I once came across philosopher Nicholas Rescher’s statement of why he is a Catholic, “In matters of religion: a personal statement” (2007). I figured he must be a pretty liberal Catholic since I had read many of his philosophical writings and didn’t see anything Catholic (in the denominational sense) about them. What surprised me was that his description of why he is Catholic could just as well describe why I am Buddhist (insofar as I am). He wrote:
“In the final analysis, then, I have become and continue to remain a committed Catholic because this represents a position which, as I see it, is intellectually sensible, evaluatively appropriate, and personally congenial. Accordingly, the answer to the question of why I am a Catholic is perhaps simply this: ‘Because that is where I feel at home.’ It is a matter of communion—of being in communion with people whose ideas, allegiances, and values are in substantial measure congenial to one’s own. In any case, it was not dogmas and doctrines that drew me to Catholicism but an inner impetus of a sort that it is difficult to describe. It was not a need for relief from a sense of sin, nor a need for relief from the intimations of mortality. Rather, it was a need for relief from a sense of isolation—the desire to feel oneself part of a wider community of spirits—living and dead—who are in some degree kindred, who shared with oneself a sense of values and priorities…”
Finally, I wanted to respond to your penultimate sentences. You wrote: “I don’t find a pure cosmopolitanism helpful even in theory; one has to recognize some traditions are closer to the truth than others. But where one must really move beyond cosmopolitanism is in practice – in order to have faith.” Here I think you likely went too far when you said one “must” move beyond cosmopolitanism. I would say that you and I have good reasons for being Buddhist (insofar as we are) and that Rescher has good reasons for being Catholic, but that is as far as we can go. We can’t insist that others “must” join us in traditions like these to experience faith, devotion, and similar goods. Cosmopolitanism apparently provides such goods for Evan Thompson (I don’t know; I’ve read his response to you but not his book) and for others (for example, Kwame Anthony Appiah).
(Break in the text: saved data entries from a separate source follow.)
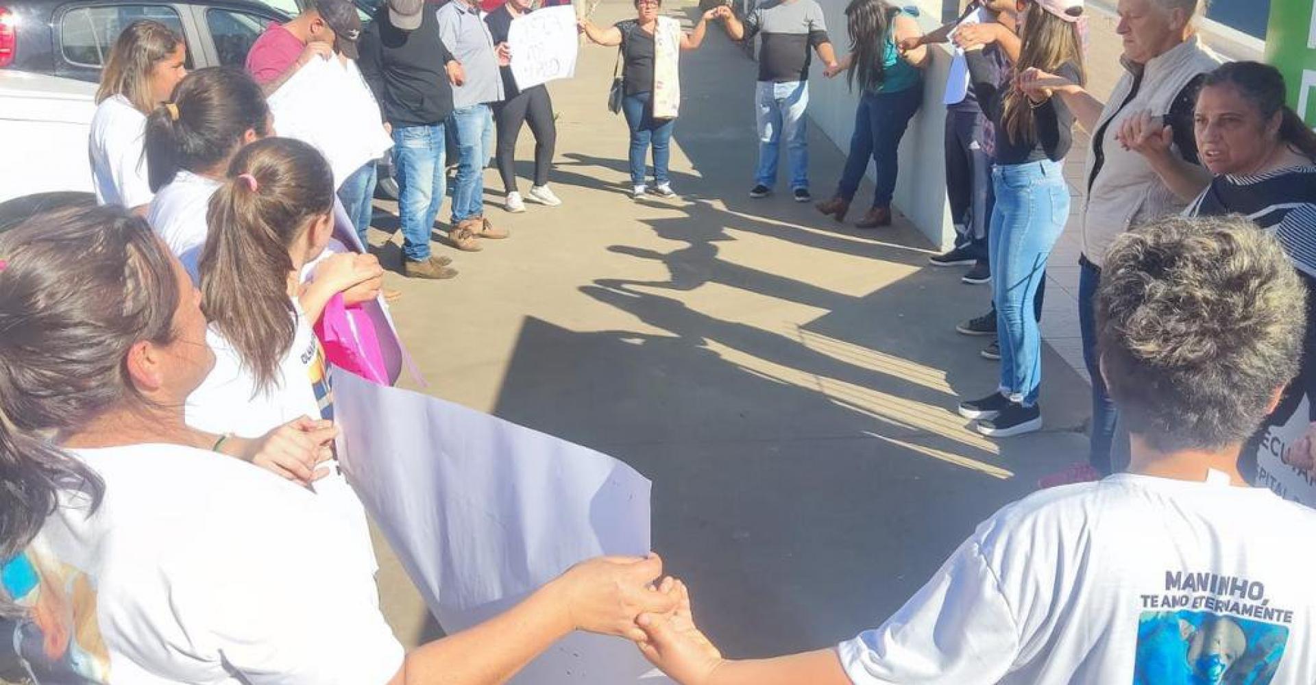 Familiares e amigos de Murilo Maciel Lemes, que morreu aos dois meses de idade, em 19 de junho, pediram justiça em um protesto em frente ao Hospital Frei Clemente, em Soledade, neste sábado (22).
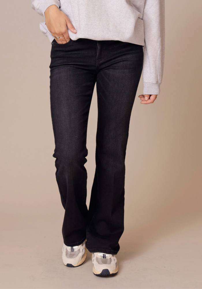 De Paris flared van Cambio heeft een middelhoge taille met uitlopende pasvorm.
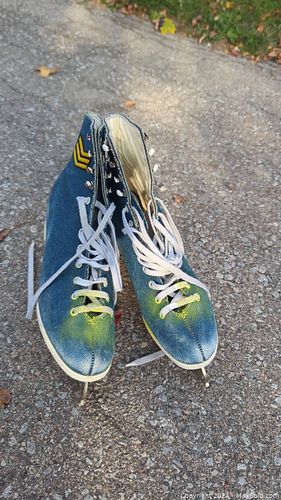 Cool Vintage women's ice skates in denim
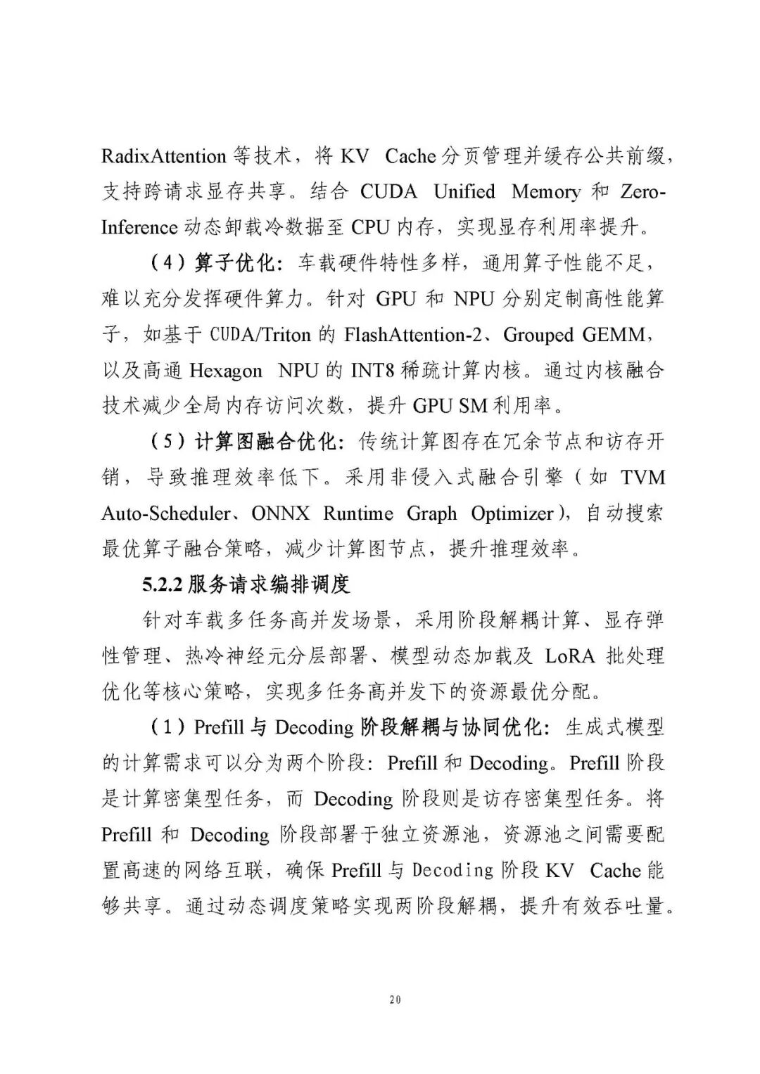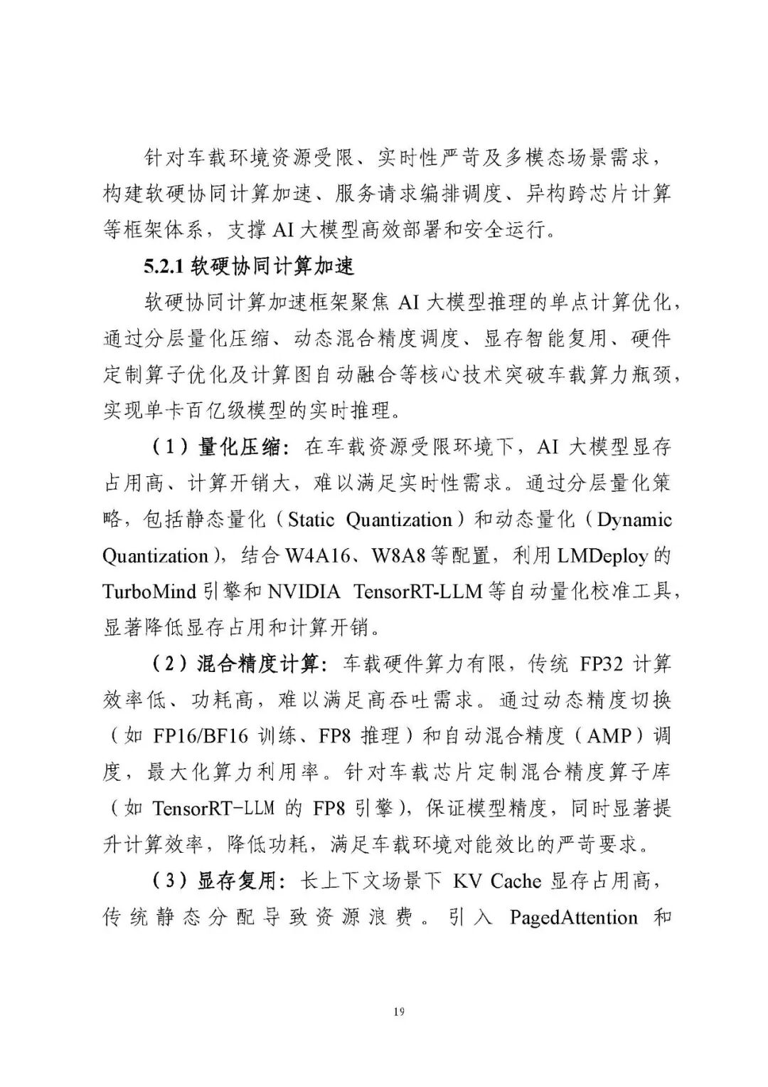 构建软硬协同计算加速、服务请求编排调度、异构联合计算等框架,通过量化压缩、混合精度计算、任务调度优化、跨域算力协同等技术,突破车载资源限制,支撑 AI 大模型高效部署和安全运行。

Likewise cosmopolitans can’t insist that others “must” join them and give up a tradition. At the same time, aficionados of traditions and of cosmopolitanism can’t claim that they have purified one of the other because both live in a world that is affected by the ideas of the other. Even if one were to think, as I do, that the world is too complex to fit neatly into “traditions”—which is a somewhat cosmopolitan idea—still, the way many people believe that the world does neatly fit into “traditions”, and act as if that belief is true, affects the real world even though I disagree with them. I wonder if this is somewhat analogous to way racial categories affect the real world despite the truth that the real world doesn’t fit neatly into racial categories, as recounted in articles such as “Race as biology is fiction, racism as a social problem is real: anthropological and historical perspectives on the social construction of race” (Smedley & Smedley, 2005)?